Frances O’Grady , General Secretary of the TUC, said: “Families cannot continue to depend on credit cards and loans to get by.
“But with an average salary still worth £ 40 [a week] less than before the 2008 crash, many families have little choice.
“Higher wages must be at the heart of the government’s economic plan.
“We need a return to year-over-year wage increases and a higher national minimum wage.”
The lack of wage growth means that millions more could be dragged into an ever-increasing spiral of debt.
David Rodger, chief executive of the Debt Advice Foundation charity, said: “As real wages continue to fall, the inevitable result is increased consumer borrowing – and debt repayment costs.
“Personal borrowing continued to rise, reaching all-time highs before the 2008 global crisis recession .
“If you are worried about debt, the best thing to do is to contact a nonprofit charity that will advise on debt that will examine all available options. “
Fears of a looming crisis have been echoed by the Money Advice Service, which has found more than three million families handing over at least a quarter of their income to meet their debts.
Funded by the industry regulator, FCA, the agency was created by the government to offer free advice on spending concerns.
Their breakdown by region revealed that Sandwell in the West Midlands is the household that owes the most – with nearly a quarter of people struggling to manage their repayments.
Experts warn that large families and single parents are among the most vulnerable groups.
And rising rents mean that tenants too are taking on more and more debt.
Sheila Wheeler, the agency’s UK debt advice director, said: “We are concerned about the high level of household debt across the country, particularly the number of people borrowing money. to cover their living expenses.
“Our latest research estimates that 8.2 million UK adults suffer from a debt problem – young adults, large families and single parents being significantly more at risk.
“We know that free debt counseling works – but currently only one in five struggling people seek help.
“We fully support TUC’s call to help low-income families access debt restructuring and insolvency assistance.”
She added that it was important for people to have the time and support to get their finances back on track “without pressure from their creditors”.

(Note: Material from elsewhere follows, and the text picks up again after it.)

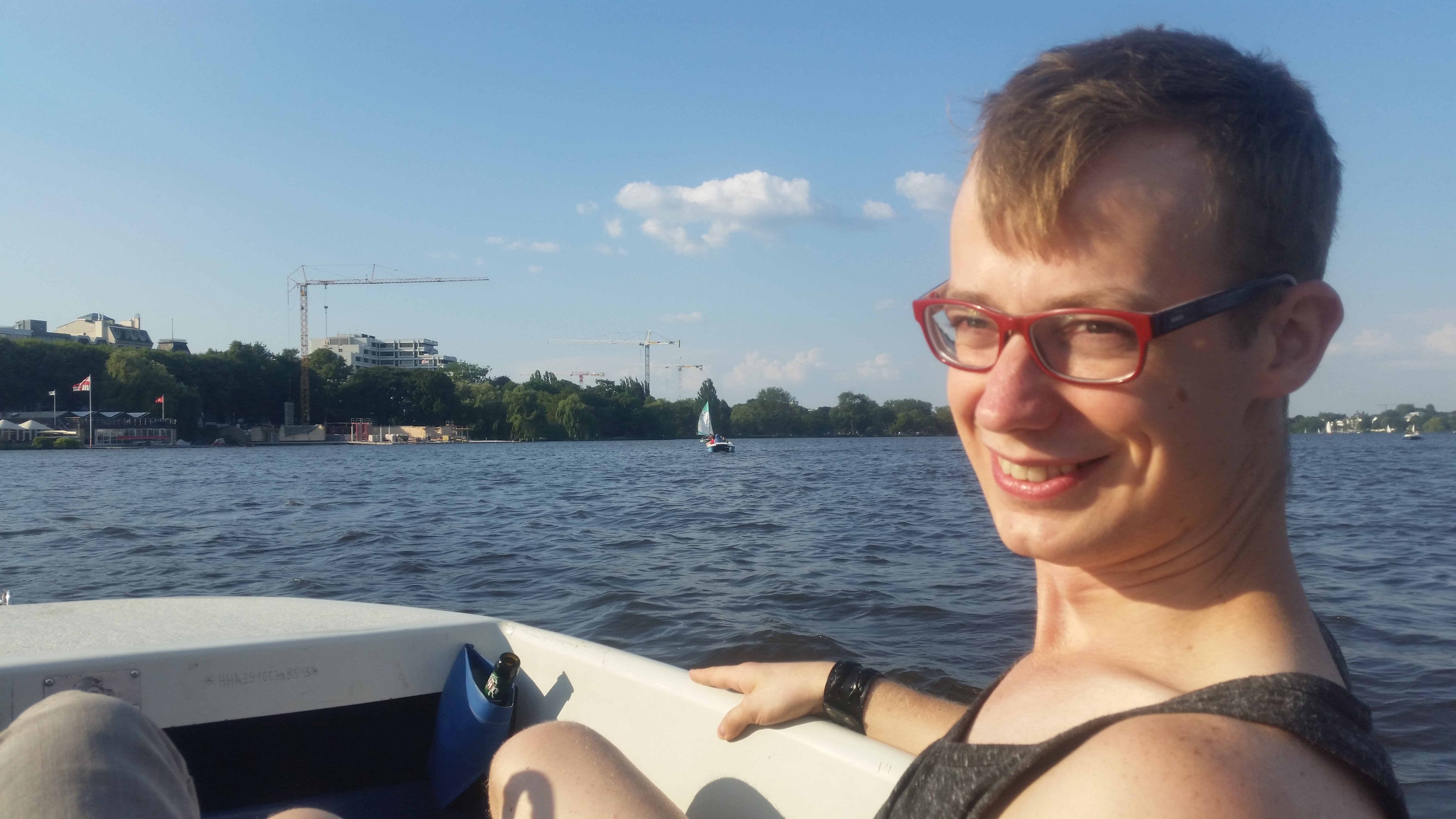We rented a paddle boat and paddled around the Alster and drank beer on a sunny afternoon.

The full regional breakdown of debt shows people are struggling across the country – the Scots being the least likely to borrow to get out of trouble.
The Financial Advisory Service / CACI)
In addition to the neglected cities of the North, three London boroughs feature in the top ten.
And vulnerable areas of South Wales and Northern Ireland are also included.
The lowest borrowing rate is in East Renfrewshire in Scotland, where only 10 percent of people are in debt.
The report, which was released by the Money Advice Service along with marketing firm CACI, used a series of criteria to piece together an overall picture of UK debt.
They found that 29% of people living in social housing depend on loans, as well as 21% of those who rent from a private landlord.
The Financial Advisory Service / CACI)
And a quarter of all families with three or more children are in debt.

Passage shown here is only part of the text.